▶ EXERCISE REQUIREMENTS: From the data, copy out every line in which the word "that" appears.

[[ RECORDS FOR THE TASK open ]]

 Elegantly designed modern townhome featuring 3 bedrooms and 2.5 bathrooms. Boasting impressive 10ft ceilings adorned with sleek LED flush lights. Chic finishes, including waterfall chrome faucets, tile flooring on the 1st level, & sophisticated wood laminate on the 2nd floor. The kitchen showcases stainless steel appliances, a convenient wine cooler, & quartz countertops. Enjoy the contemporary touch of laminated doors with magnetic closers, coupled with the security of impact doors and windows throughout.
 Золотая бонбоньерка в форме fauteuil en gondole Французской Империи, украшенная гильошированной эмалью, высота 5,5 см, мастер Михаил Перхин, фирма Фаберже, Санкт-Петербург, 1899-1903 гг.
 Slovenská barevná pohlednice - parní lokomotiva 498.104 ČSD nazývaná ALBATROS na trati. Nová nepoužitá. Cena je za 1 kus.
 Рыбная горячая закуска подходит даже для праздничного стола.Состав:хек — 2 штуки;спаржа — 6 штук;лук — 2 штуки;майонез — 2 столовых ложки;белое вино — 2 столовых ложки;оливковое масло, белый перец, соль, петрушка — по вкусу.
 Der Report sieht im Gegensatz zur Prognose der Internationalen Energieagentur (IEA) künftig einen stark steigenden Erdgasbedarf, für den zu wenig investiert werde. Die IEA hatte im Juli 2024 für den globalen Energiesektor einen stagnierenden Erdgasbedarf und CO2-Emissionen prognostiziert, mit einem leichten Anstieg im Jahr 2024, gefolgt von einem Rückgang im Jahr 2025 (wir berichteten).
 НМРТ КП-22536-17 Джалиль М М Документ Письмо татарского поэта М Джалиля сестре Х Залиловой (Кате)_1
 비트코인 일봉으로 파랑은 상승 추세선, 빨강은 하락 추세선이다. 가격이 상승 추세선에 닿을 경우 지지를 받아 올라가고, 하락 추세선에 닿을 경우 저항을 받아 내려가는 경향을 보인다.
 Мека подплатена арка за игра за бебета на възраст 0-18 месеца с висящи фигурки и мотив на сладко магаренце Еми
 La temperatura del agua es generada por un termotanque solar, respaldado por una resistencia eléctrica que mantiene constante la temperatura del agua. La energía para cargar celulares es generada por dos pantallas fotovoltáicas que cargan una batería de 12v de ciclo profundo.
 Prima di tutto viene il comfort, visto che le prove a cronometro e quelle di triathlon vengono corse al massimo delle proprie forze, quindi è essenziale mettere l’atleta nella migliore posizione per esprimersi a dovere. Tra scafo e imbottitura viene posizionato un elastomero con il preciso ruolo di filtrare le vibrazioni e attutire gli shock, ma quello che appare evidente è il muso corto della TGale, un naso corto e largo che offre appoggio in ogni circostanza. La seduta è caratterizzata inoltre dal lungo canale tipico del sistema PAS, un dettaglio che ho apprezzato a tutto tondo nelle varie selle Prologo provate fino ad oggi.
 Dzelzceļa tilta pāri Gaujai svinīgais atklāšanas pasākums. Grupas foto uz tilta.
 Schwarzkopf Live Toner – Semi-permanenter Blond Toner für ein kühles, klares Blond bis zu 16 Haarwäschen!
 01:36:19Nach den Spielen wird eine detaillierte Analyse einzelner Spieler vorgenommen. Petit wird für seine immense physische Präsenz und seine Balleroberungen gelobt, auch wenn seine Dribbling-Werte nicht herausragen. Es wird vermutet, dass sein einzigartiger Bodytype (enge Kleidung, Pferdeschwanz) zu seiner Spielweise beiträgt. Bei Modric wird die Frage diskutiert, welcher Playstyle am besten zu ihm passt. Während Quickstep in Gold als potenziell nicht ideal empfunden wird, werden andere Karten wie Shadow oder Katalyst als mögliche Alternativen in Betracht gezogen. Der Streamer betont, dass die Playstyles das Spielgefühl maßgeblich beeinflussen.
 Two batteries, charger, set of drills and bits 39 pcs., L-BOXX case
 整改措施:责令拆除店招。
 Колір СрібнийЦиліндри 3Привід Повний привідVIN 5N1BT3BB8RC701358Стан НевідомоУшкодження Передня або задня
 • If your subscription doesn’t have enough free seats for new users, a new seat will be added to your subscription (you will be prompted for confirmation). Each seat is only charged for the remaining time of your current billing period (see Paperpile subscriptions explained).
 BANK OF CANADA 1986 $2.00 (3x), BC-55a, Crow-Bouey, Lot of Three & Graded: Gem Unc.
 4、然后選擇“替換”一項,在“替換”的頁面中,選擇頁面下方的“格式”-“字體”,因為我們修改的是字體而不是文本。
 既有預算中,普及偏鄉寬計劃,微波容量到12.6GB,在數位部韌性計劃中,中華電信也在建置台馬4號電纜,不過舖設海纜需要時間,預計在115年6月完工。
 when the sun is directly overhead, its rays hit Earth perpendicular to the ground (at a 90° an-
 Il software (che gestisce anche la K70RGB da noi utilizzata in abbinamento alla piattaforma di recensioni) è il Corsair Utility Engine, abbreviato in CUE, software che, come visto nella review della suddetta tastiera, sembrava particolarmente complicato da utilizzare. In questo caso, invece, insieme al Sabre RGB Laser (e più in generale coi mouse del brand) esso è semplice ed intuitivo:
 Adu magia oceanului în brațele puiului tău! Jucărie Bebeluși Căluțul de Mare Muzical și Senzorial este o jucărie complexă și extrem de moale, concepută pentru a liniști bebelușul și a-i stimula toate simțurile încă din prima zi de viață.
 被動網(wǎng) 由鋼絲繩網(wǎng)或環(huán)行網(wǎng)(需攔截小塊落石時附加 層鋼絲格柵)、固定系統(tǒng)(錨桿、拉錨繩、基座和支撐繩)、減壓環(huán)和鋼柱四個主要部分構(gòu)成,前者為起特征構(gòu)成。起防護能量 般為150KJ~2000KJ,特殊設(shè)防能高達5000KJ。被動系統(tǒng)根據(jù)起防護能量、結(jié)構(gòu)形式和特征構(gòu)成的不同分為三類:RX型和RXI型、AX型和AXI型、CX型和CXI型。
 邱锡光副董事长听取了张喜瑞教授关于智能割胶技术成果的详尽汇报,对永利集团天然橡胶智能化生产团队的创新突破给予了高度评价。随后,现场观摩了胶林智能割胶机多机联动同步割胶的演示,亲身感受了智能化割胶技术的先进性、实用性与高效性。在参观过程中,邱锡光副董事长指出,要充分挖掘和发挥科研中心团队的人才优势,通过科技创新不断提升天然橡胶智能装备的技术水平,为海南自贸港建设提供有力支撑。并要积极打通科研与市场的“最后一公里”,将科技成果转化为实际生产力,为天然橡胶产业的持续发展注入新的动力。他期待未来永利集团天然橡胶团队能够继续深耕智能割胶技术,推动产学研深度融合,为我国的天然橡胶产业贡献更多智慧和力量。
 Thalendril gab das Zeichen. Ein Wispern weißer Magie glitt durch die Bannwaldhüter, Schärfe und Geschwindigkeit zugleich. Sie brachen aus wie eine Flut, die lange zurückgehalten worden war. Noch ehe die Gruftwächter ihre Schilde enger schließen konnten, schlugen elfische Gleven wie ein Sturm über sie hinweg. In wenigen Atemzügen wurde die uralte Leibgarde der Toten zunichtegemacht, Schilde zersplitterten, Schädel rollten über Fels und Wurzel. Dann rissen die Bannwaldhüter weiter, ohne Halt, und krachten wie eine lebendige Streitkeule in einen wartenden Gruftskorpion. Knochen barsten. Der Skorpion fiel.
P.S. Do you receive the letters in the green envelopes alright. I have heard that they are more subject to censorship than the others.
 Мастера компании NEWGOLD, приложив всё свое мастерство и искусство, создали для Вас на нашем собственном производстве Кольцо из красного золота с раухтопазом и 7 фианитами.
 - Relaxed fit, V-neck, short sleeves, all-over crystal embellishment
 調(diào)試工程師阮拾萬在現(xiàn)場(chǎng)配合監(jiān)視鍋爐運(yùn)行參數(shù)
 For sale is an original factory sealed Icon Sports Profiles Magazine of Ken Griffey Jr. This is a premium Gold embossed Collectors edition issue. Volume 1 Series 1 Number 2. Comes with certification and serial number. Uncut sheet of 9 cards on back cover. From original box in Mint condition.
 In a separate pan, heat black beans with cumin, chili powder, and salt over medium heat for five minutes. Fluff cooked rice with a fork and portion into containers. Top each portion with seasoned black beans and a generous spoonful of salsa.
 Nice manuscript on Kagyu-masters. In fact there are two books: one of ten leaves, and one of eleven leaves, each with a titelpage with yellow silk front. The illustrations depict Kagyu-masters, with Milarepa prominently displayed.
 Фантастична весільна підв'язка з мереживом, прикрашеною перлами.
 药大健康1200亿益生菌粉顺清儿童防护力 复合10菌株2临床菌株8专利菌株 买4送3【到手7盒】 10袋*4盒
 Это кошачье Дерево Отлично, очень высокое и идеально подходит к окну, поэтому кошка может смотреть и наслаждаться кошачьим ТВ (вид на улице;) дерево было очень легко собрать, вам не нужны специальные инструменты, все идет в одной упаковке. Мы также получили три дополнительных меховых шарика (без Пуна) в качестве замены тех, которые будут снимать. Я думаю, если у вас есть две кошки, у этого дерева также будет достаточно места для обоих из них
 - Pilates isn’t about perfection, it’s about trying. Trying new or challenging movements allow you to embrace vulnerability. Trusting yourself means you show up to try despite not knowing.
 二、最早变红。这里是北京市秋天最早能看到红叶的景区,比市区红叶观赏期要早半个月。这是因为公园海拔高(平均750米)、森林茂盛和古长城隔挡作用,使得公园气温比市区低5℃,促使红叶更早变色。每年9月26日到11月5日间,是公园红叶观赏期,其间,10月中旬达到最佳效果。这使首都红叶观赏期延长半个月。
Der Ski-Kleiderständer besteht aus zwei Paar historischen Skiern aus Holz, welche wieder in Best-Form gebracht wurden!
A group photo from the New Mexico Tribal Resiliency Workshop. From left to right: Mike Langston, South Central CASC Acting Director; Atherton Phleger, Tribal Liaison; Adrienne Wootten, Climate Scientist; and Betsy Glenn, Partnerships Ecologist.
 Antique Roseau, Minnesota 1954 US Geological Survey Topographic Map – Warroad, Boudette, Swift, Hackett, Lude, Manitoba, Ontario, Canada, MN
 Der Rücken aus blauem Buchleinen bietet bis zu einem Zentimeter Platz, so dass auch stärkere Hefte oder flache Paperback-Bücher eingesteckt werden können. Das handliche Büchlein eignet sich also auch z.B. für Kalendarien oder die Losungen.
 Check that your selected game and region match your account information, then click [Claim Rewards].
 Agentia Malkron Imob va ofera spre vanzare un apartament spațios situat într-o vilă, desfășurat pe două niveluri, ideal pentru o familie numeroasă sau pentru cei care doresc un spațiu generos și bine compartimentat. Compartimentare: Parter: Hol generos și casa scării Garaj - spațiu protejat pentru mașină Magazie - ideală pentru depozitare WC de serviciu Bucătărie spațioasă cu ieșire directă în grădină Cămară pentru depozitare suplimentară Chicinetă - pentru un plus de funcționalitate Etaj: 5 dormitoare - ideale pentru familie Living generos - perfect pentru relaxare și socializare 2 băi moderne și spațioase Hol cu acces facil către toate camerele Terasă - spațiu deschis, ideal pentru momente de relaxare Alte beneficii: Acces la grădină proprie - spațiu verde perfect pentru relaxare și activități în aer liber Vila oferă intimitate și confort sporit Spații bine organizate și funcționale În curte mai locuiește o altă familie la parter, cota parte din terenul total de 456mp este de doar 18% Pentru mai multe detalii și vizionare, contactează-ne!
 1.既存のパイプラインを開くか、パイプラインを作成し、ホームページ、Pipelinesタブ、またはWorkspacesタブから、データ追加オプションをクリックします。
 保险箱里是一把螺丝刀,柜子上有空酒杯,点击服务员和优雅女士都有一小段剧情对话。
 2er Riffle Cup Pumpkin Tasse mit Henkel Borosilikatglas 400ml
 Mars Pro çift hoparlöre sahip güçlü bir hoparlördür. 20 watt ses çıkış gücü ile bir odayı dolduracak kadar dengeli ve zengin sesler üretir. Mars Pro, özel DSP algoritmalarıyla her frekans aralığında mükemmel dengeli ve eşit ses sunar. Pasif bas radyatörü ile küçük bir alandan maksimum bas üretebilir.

[[ RECORDS FOR THE TASK closed ]]

▶ SOLUTION FOR THIS TASK:
P.S. Do you receive the letters in the green envelopes alright. I have heard that they are more subject to censorship than the others.
 Check that your selected game and region match your account information, then click [Claim Rewards].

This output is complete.